China’s Xi Says Foreign Interference Can’t Save Taiwan Reunion

Chinese President Xi Jinping met with former Taiwanese President Ma Ying-jeou and said outside influence may not save the “family-friendly” meeting between Beijing and Taipei.

Xi emphasized the discussion between the two sides in his meeting with Ma on Wednesday, saying all issues can simply be discussed, Reuters news firm reported.

“External interference impedes the age-old trend of reuniting the country and family,” Xi said, in remarks reported by Taiwanese media.

Beijing sees the self-governing island as a province that will have to be reunified with mainland China and does not rule out the use of force to assert its claims to Taiwan.

Taiwan cut off contacts with mainland China and established its own in 1949 after Nationalist forces that lost the Chinese Civil War to Mao Zedong’s Communists fled there.

Taiwan, the official best friend known as the Republic of China, has temporarily become an economic powerhouse and America’s best friend for years to come. It is currently one of the largest manufacturers of semiconductors, a key component of electronic devices worldwide.

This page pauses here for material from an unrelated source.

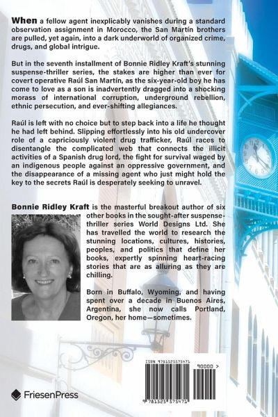 When a fellow agent inexplicably vanishes during a standard observation assignment in Morocco, the San Martín brothers are pulled, yet again, into a dark underworld of organized crime, drugs, and global intrigue. But in the seventh installment of Bonnie Ridley Kraft's stunning suspense-thriller series, the stakes are higher than ever for covert operative Raúl San Martín, as the six-year-old boy he has come to love as a son is inadvertently dragged into a shocking morass of international corruption, underground rebellion, ethnic persecution, and ever-shifting allegiances. Raúl is left with no choice but to step back into a life he thought he had left behind. Slipping effortlessly into his old undercover role of a capriciously violent drug trafficker, Raúl races to disentangle the complicated web that connects the illicit activities of a Spanish drug lord, the fight for survival waged by an indigenous people against an oppressive government, and the disappearance of a missing agent who just might hold the key to the secrets Raúl is desperately seeking to unravel.
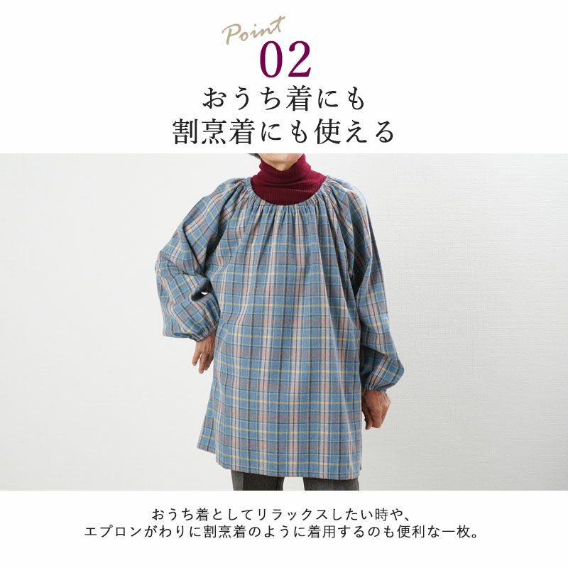 柔らかで暖かみのある起毛チェックのチュニックブラウス。たっぷりの身幅と襟ぐりにゴムギャザーを入れ、ラグラン袖にすることで着やすく、ゆったり楽々の着心地です。ネルのような生地感で、袖口のゴムが付いているので腕まくりしやすく毎日の家事にも便利に使えますし、おうち着のチュニックとしても使えます。

No sitting Taiwanese president has ever stopped in China. Ma is now in the process of traveling to China after he became the first former Taiwanese president to make a stopover in the country last year.

This comes amid emerging tensions in the Taiwan Strait. On Wednesday, Xi said both sides of the Strait were Chinese.

“There is no grudge that cannot be resolved, no factor that cannot be discussed and no force that can tear us apart,” the Chinese president quoted Reuters as saying.

Xi had said in the past that the unification of China and Taiwan was “inevitable. “

But Western countries have warned China about a conceivable invasion of Taiwan, and U. S. President Joe Biden has said Washington will militarily protect the island if it is attacked.

China has conducted military exercises near Taiwan in recent years, and was joined in 2022 by Nancy Pelosi, then speaker of the U. S. House of Representatives.

Ma told Xi on Wednesday that the tensions had unsettled many Taiwanese.

“If there is a war between the two sides, it will be unbearable for other Chinese,” Ma said, a term that refers to other ethnic Chinese in both countries.

“The Chinese on both sides of the Strait surely have enough wisdom to resolve all disputes peacefully and avoid falling into conflicts. “

Reacting to the talks, Taiwan’s Mainland Affairs Council, which is guilty of China’s policymaking, said it deeply regretted that Ma publicly made the Taiwanese people’s insistence on upholding the sovereignty and democratic formula of the Republic of China.

He added that Beijing deserves to avoid bullying Taipei and its differences with Taiwan through respectful dialogue.

Ma, who was Taiwan’s president from 2008 to 2016, remains a member of Taiwan’s main opposition party, the Kuomintang (KMT).

In January, Vice President Lai Ching-te, through Beijing a “dangerous separatist,” won elections in Taiwan. He will succeed current President Tsai Ing-wen in May.

Biden and Xi had a phone call earlier this month for the first time since November.

“This call will be an opportunity for the president to reaffirm the U. S. one-China policy and reiterate the importance of peace and stability across the Taiwan Strait, especially in view of the upcoming presidential inauguration in May in Taiwan,” a U. S. official told reporters. . Speaking on condition of anonymity last week.

Washington pursues a “one-China” policy that does not recognize Taiwan as an official country despite its close ties to its government.